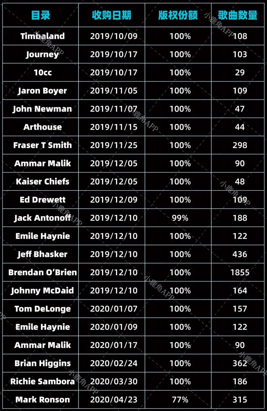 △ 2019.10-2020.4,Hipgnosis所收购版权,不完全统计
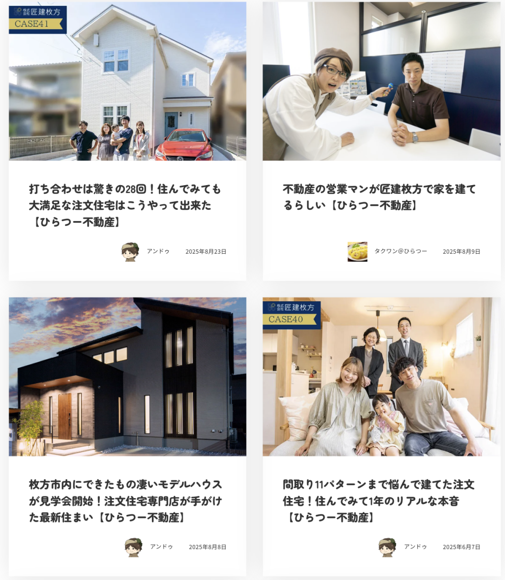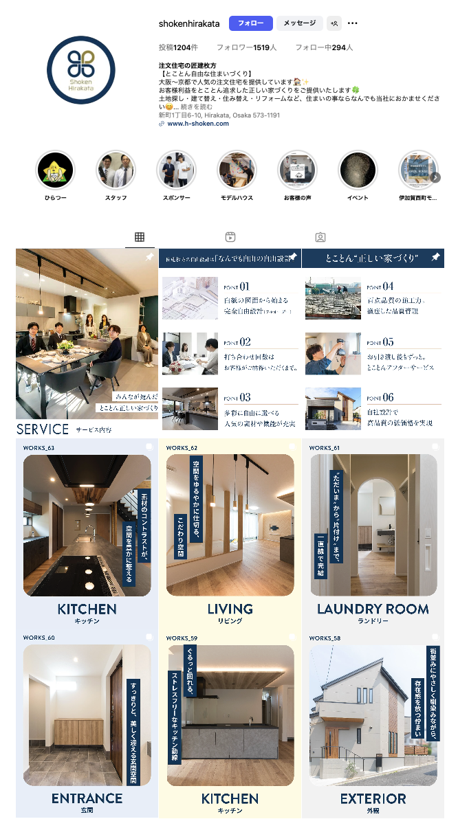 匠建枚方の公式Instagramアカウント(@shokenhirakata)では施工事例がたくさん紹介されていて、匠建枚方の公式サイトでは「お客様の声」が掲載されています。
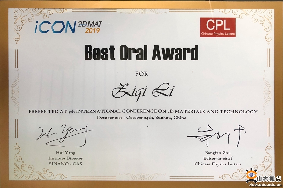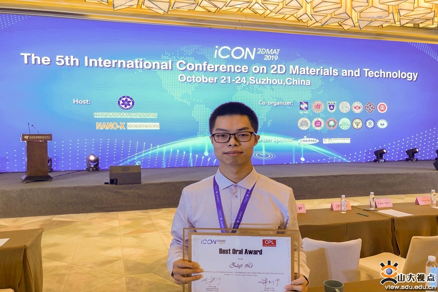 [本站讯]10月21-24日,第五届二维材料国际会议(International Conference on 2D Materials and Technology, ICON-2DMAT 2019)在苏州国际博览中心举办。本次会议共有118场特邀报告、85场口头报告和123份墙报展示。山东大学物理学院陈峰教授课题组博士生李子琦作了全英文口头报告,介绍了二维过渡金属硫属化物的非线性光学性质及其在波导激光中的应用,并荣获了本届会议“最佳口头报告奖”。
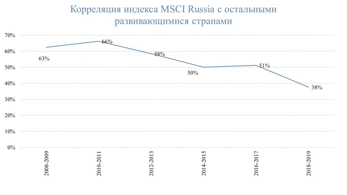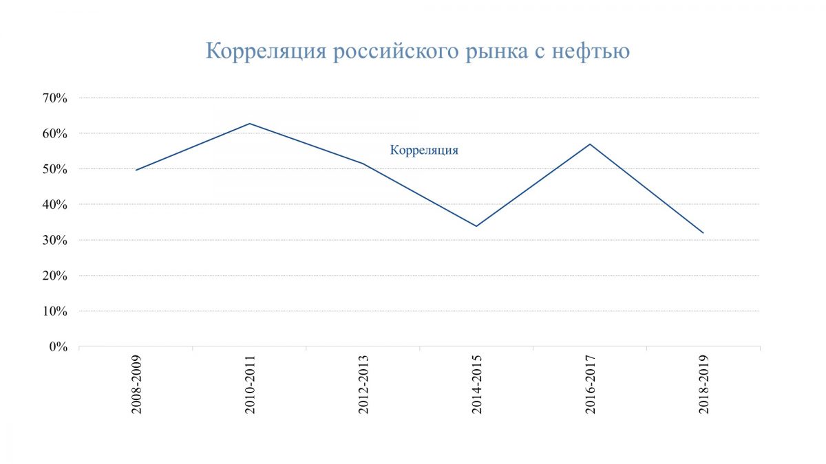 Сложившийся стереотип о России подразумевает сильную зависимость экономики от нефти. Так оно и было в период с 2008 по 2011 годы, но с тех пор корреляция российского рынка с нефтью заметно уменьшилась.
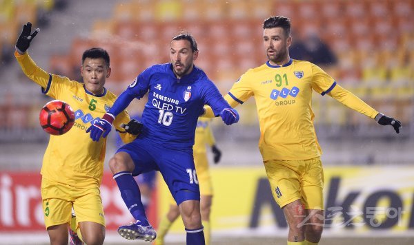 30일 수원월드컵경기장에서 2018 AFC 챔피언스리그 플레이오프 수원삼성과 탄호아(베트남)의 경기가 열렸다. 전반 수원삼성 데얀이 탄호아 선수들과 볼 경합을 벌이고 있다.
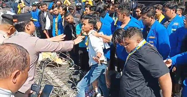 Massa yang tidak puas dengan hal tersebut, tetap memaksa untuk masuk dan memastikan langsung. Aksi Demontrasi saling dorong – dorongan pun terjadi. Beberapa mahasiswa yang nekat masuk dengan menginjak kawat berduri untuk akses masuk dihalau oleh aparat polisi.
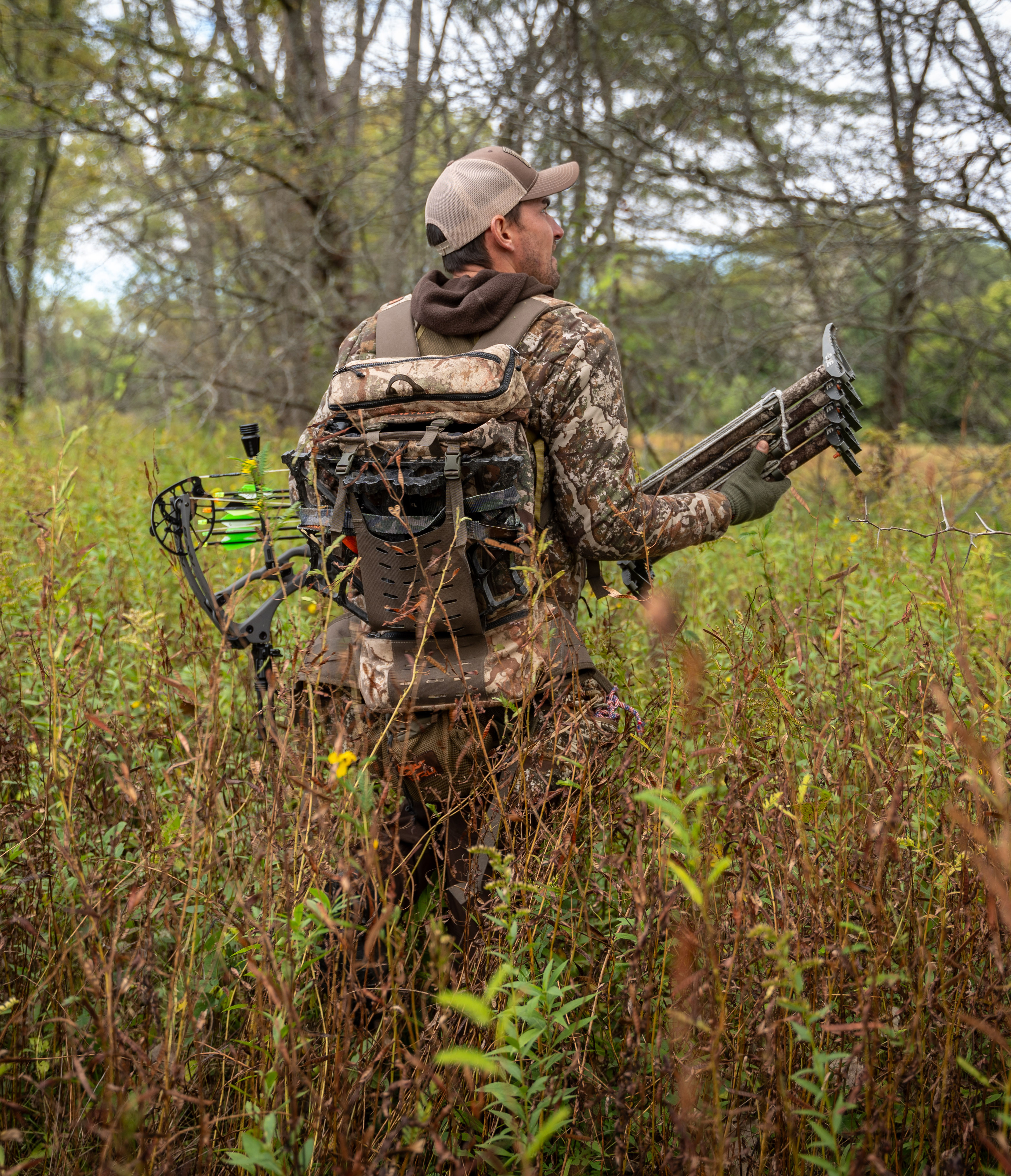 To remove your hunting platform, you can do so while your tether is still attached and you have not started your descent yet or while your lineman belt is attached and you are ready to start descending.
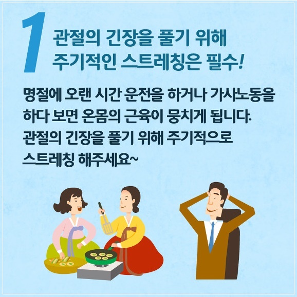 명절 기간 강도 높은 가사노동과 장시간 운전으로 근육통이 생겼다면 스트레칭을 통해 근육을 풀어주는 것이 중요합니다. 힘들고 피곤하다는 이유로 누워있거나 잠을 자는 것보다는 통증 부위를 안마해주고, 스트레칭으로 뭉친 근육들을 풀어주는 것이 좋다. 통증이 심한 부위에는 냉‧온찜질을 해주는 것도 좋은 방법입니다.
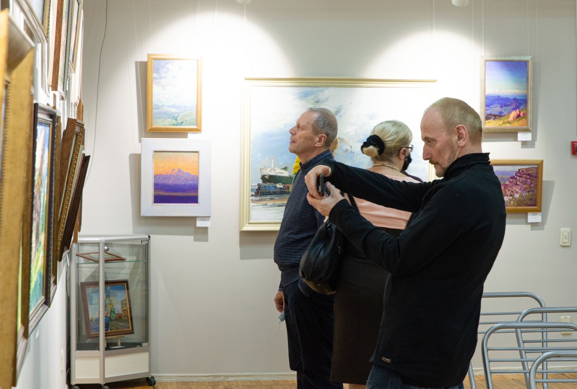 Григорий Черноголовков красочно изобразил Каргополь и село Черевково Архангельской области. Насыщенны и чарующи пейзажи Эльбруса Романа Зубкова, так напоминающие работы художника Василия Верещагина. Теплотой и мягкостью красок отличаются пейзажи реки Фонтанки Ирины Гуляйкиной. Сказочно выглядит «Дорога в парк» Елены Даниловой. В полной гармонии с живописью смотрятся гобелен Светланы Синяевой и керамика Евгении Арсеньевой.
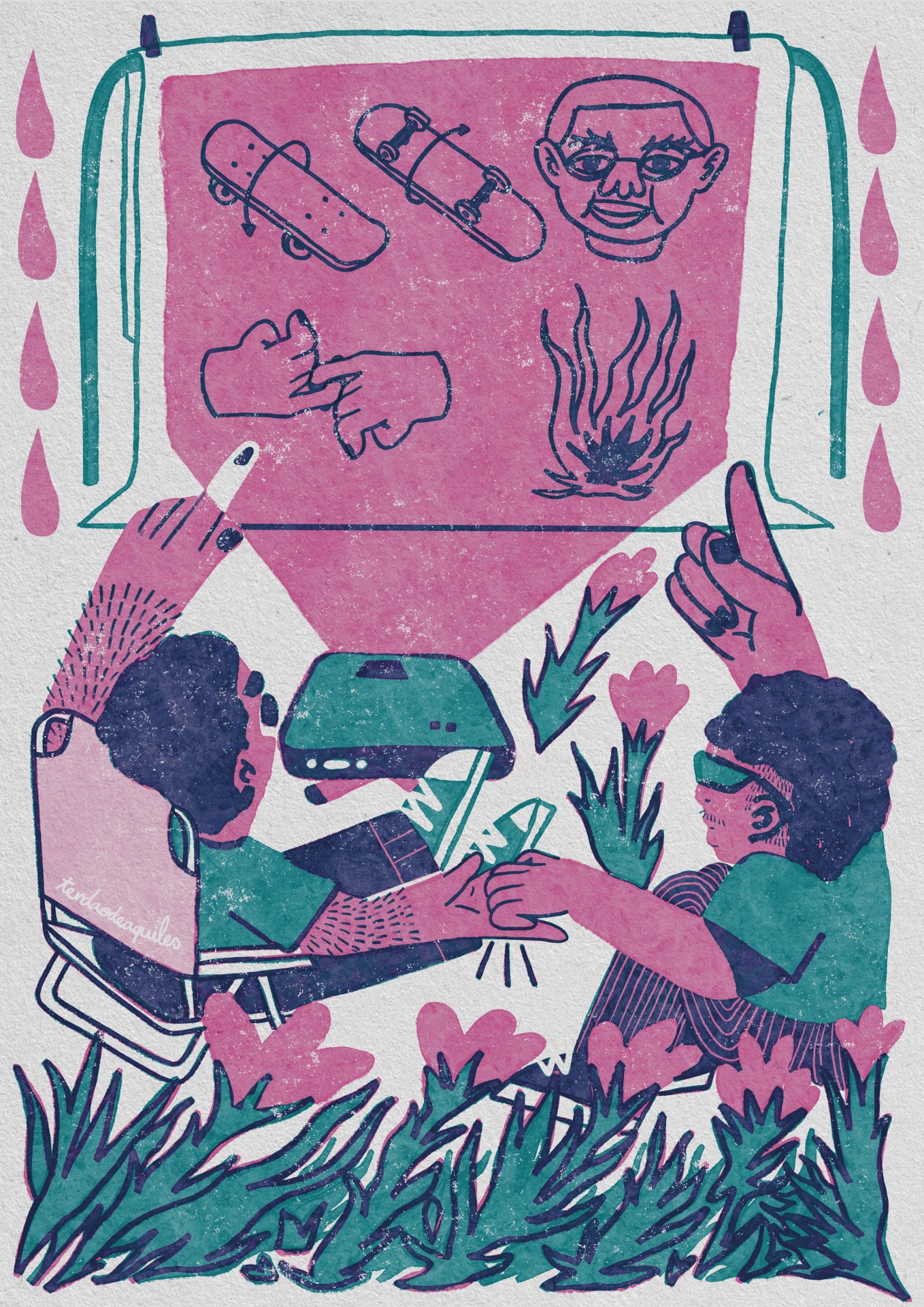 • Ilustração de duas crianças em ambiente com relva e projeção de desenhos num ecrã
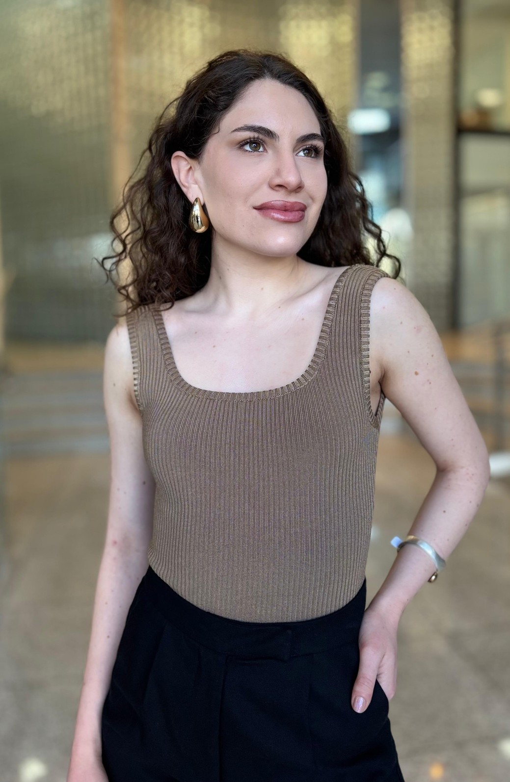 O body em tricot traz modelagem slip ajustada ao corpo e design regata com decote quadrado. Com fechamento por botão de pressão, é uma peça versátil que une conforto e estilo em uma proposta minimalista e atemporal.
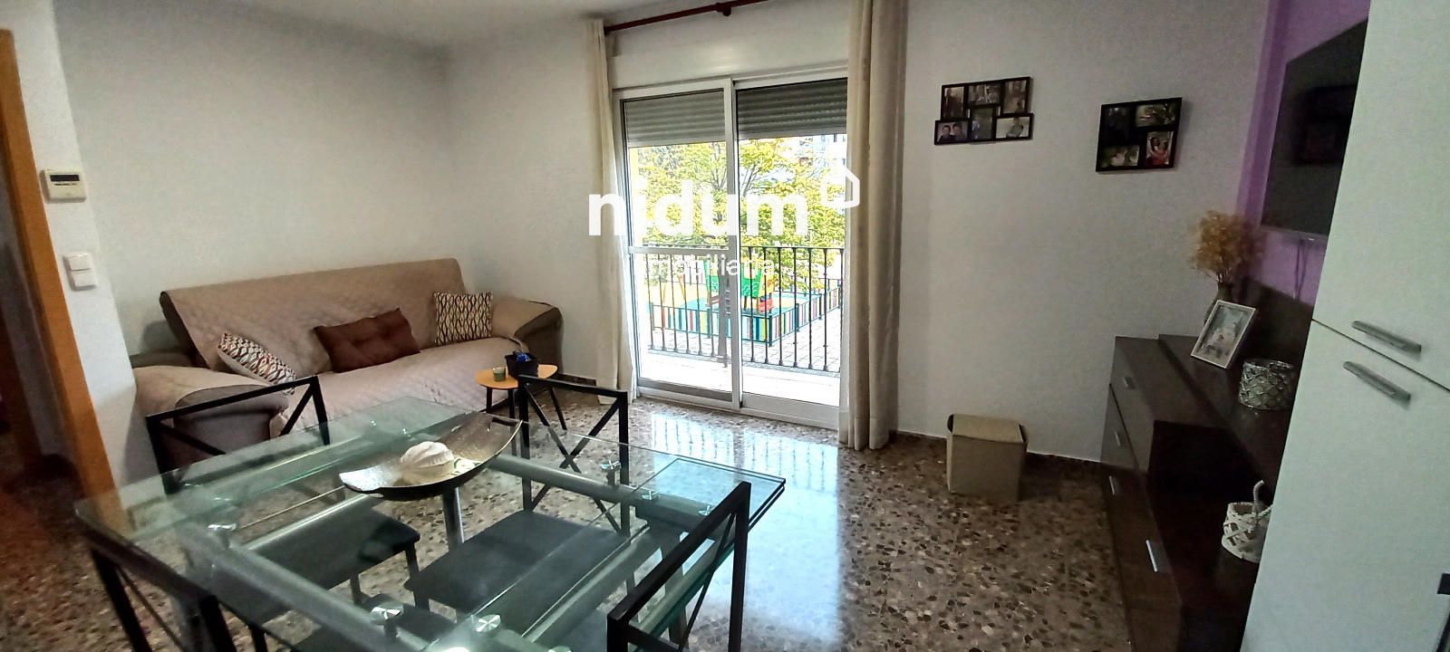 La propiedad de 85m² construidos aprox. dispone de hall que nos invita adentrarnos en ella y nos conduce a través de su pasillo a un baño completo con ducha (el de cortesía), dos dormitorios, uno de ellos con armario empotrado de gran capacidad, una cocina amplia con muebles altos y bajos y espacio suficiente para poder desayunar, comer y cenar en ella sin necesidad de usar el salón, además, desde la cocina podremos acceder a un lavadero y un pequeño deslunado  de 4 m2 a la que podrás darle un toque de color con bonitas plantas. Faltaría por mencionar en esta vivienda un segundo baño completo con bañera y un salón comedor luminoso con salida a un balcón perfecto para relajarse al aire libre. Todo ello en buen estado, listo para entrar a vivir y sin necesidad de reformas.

********************

● Prompt: Each record must be returned exactly as it stands, and the images omitted.

● Solution to the exercise:
 △ 2019.10-2020.4,Hipgnosis所收购版权,不完全统计
 匠建枚方の公式Instagramアカウント(@shokenhirakata)では施工事例がたくさん紹介されていて、匠建枚方の公式サイトでは「お客様の声」が掲載されています。
 [本站讯]10月21-24日,第五届二维材料国际会议(International Conference on 2D Materials and Technology, ICON-2DMAT 2019)在苏州国际博览中心举办。本次会议共有118场特邀报告、85场口头报告和123份墙报展示。山东大学物理学院陈峰教授课题组博士生李子琦作了全英文口头报告,介绍了二维过渡金属硫属化物的非线性光学性质及其在波导激光中的应用,并荣获了本届会议“最佳口头报告奖”。
 Сложившийся стереотип о России подразумевает сильную зависимость экономики от нефти. Так оно и было в период с 2008 по 2011 годы, но с тех пор корреляция российского рынка с нефтью заметно уменьшилась.
 30일 수원월드컵경기장에서 2018 AFC 챔피언스리그 플레이오프 수원삼성과 탄호아(베트남)의 경기가 열렸다. 전반 수원삼성 데얀이 탄호아 선수들과 볼 경합을 벌이고 있다.
 Massa yang tidak puas dengan hal tersebut, tetap memaksa untuk masuk dan memastikan langsung. Aksi Demontrasi saling dorong – dorongan pun terjadi. Beberapa mahasiswa yang nekat masuk dengan menginjak kawat berduri untuk akses masuk dihalau oleh aparat polisi.
 To remove your hunting platform, you can do so while your tether is still attached and you have not started your descent yet or while your lineman belt is attached and you are ready to start descending.
 명절 기간 강도 높은 가사노동과 장시간 운전으로 근육통이 생겼다면 스트레칭을 통해 근육을 풀어주는 것이 중요합니다. 힘들고 피곤하다는 이유로 누워있거나 잠을 자는 것보다는 통증 부위를 안마해주고, 스트레칭으로 뭉친 근육들을 풀어주는 것이 좋다. 통증이 심한 부위에는 냉‧온찜질을 해주는 것도 좋은 방법입니다.
 Григорий Черноголовков красочно изобразил Каргополь и село Черевково Архангельской области. Насыщенны и чарующи пейзажи Эльбруса Романа Зубкова, так напоминающие работы художника Василия Верещагина. Теплотой и мягкостью красок отличаются пейзажи реки Фонтанки Ирины Гуляйкиной. Сказочно выглядит «Дорога в парк» Елены Даниловой. В полной гармонии с живописью смотрятся гобелен Светланы Синяевой и керамика Евгении Арсеньевой.
 • Ilustração de duas crianças em ambiente com relva e projeção de desenhos num ecrã
 O body em tricot traz modelagem slip ajustada ao corpo e design regata com decote quadrado. Com fechamento por botão de pressão, é uma peça versátil que une conforto e estilo em uma proposta minimalista e atemporal.
 La propiedad de 85m² construidos aprox. dispone de hall que nos invita adentrarnos en ella y nos conduce a través de su pasillo a un baño completo con ducha (el de cortesía), dos dormitorios, uno de ellos con armario empotrado de gran capacidad, una cocina amplia con muebles altos y bajos y espacio suficiente para poder desayunar, comer y cenar en ella sin necesidad de usar el salón, además, desde la cocina podremos acceder a un lavadero y un pequeño deslunado  de 4 m2 a la que podrás darle un toque de color con bonitas plantas. Faltaría por mencionar en esta vivienda un segundo baño completo con bañera y un salón comedor luminoso con salida a un balcón perfecto para relajarse al aire libre. Todo ello en buen estado, listo para entrar a vivir y sin necesidad de reformas.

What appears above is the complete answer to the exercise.